To explain his cult’s mysteries according to those of the Italian societies, and their appearance in this Netherlandish cult, Fränger had to introduce the “Grand Master” and show cause for this man’s having brought these ideas back from his own schooling days in Italy-thus the author’s assertion that the man has the look of an Italian intellectual and the further strengthening point that the woman behind him (his “bride”) has Italian coloring and features. Having so thoroughly convinced himself of his assertions, Fränger introduced the elusive “Grand Master” into “early Dutch social and art history [as] a powerful spiritual personality, hitherto completely unknown, one who is worthy to rank with those three great men of the same country and the same century, Erasmus Desiderius of Rotterdam, Johannes Secundus, and Johannes Baptist van Helmont”. Thus, Fränger not only endowed his invention with physical aspect, personality, bride, and philosophy, but he bestowed on him greatness. In the process, he destroyed Bosch not only as a personality but also as an artist.

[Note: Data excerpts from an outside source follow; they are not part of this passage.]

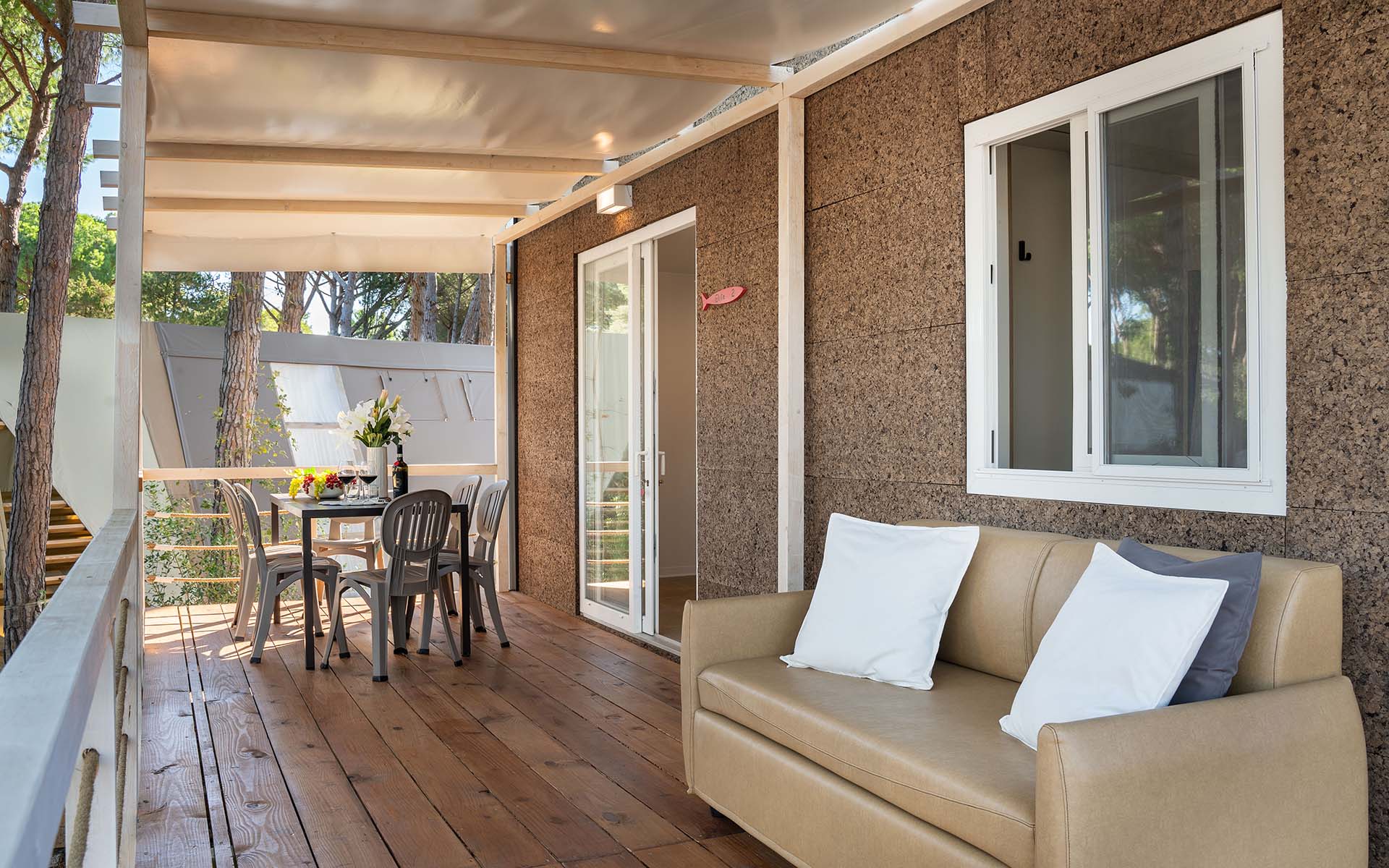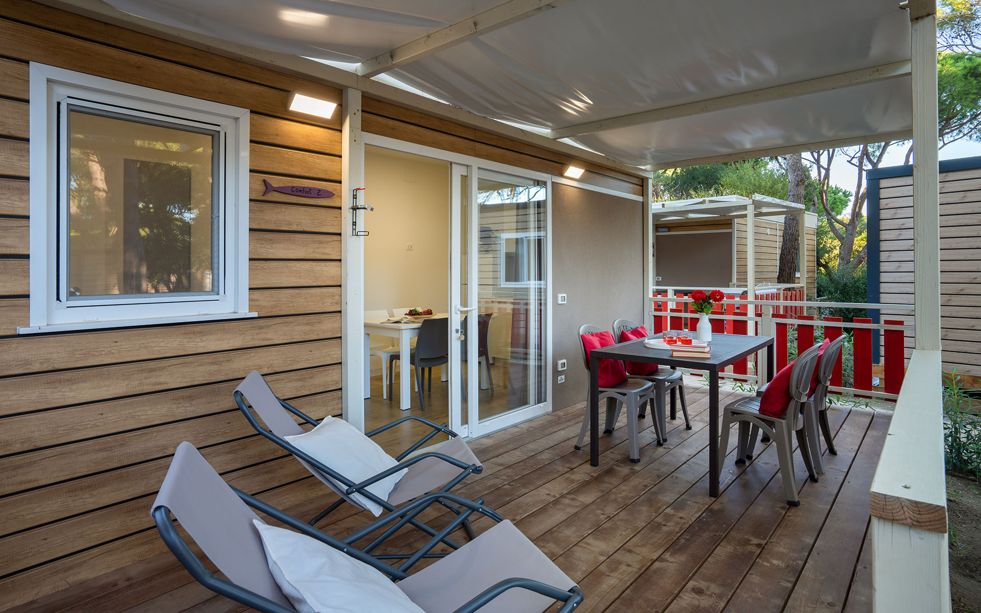 Un’area de Il Capannino è dedicata alle case mobili, comodi alloggi attrezzati di tutto il necessario ma che conservano il gusto della vacanza in campeggio. Le mobile home sono dotate di: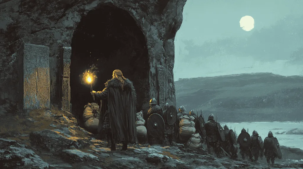 The following year, Bardr led a significant military expedition that solidified his reputation as a “Viking sea-king”. In 873 CE, he commanded a great fleet from Dublin (Áth Cliath) and sailed westward to the Kingdom of Munster. This campaign was notable for its audacity and unconventional tactics. The Annals of Inisfallen record that Bardr “plundered Ciarraige Luachra underground, i.e., the raiding of the caves”. This likely referred to the plundering of ancient tombs for treasure. In this, Bardr seemed to revert to older Viking tactics, echoing the 863 CE expedition led by his father Imair and uncles Amlaib and Auisle into the Boyne Valley, where they had raided megalithic tombs such as Newgrange and Knowth.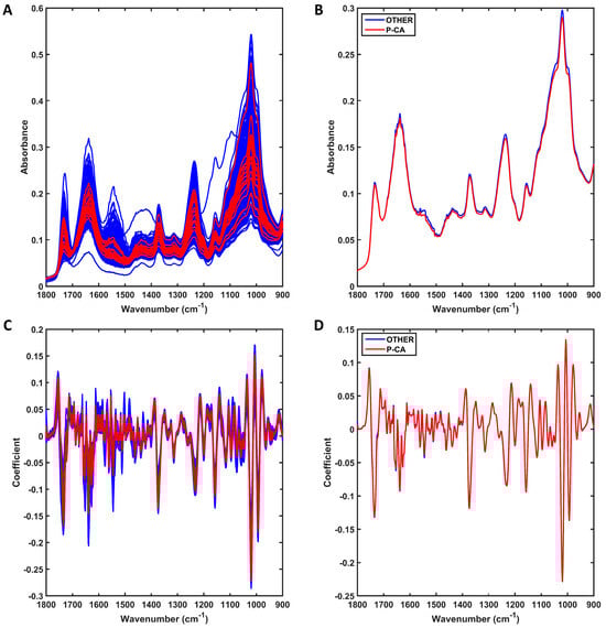 Mid-infrared (IR) spectra derived using ATR-FTIR spectroscopy. (A) Raw IR spectra for all samples in each group (prostate cancer [P-CA] or other conditions for male patients [OTHER]); (B) average raw IR spectra for each group (prostate cancer [P-CA] or other conditions for male patients [OTHER]). (C) Preprocessed (SG 2nd derivative followed by vector normalisation) IR spectra for all samples in each group (prostate cancer [P-CA] or other conditions for male patients [OTHER]); (D) average preprocessed IR spectra for each group (prostate cancer [P-CA] or other conditions for male patients [OTHER]).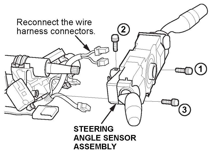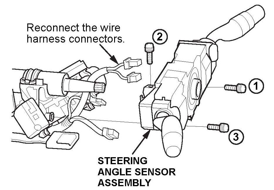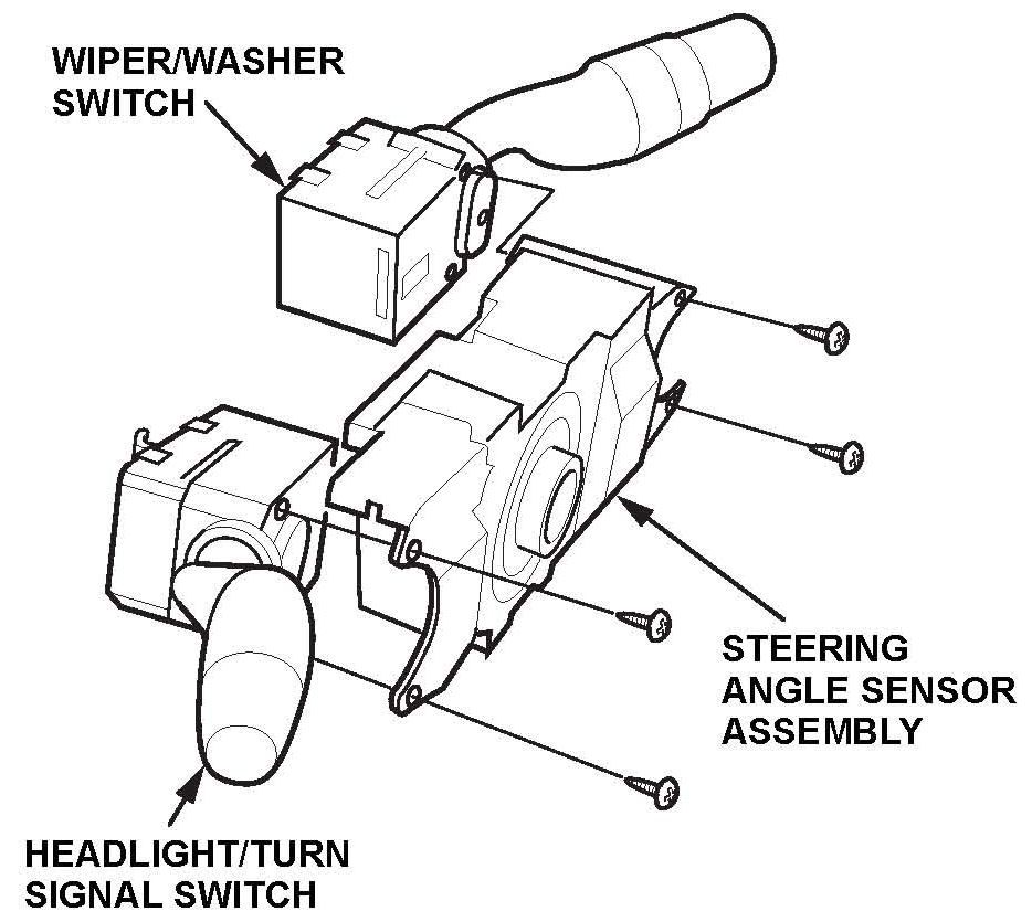 14. Remove the wiper/washer and the headlight/turn signal switches, and install them on a new steering angle sensor assembly.

He did this first by declaring that the altarpiece’s symbolism was a “system of sexual-ethical teachings, in which the pictorial motifs were didactic symbols… clear reflections of Renaissance natural philosophy, and hence patterns of a modern intellectual kind, pointing towards the future”. The author’s more devastating conclusion was that since there was a personality behind the painter’s inventions, his “pictorial ideas were not his own at all, but were laid down for him by a mentor of encyclopedic erudition, with an exquisite sense of detail, yet capable of planning on a magnificent scale and imperturbably sure of his purpose”.
It was not merely subject matter dictation that Fränger believed Bosch had received, but the “mentor” had even designed the color and formal composition. He had obviously designed the color because it bears symbolic relationship in every instance to the idea involved, but he strongly influenced the composition by allowing Bosch to break with his previous practice of placing dominant ideas along the axes of the panels, as in the two “Paradise-panels”, and to disorganize the Hell scene in a manner planned as a symbolic reverse of the very order of the other two “worlds”.
Fränger seemed to believe that such systematic disorganization grew out of a profound understanding of the destructive forces of society that could only belong to a man “who had the ideal image of creative harmony steadily before his inner eye.” It indicated that “the inspirer extended his influence even to the very realm of motifs and forms that has hitherto been regarded as Bosch’s own private territory as ‘faizeur de diables’; and hence the painter’s own created world seems on the point of vanishing…” The scholar went on to push Bosch over the edge with his next words, that if “we have to ascribe even the painter’s most peculiar originality to a mentor, it seems as though his own share in the achievement must sink to that of a craftsman, no matter how highly qualified, merely executing somebody else’s orders… it might have been more logical to devote all our energies to working out the personality of the real spiritual creator and – leaving Bosch on one side – to reinstate the actual origination of this profound work.” At this point, Fränger did admit that “such a strictly logical process would reduce itself to absurdity, since it would be impossible to reconcile it with the visual data of the picture itself, which, in spite of the guidance to which the painter was subject, blossoms out in complete pictorial freedom.”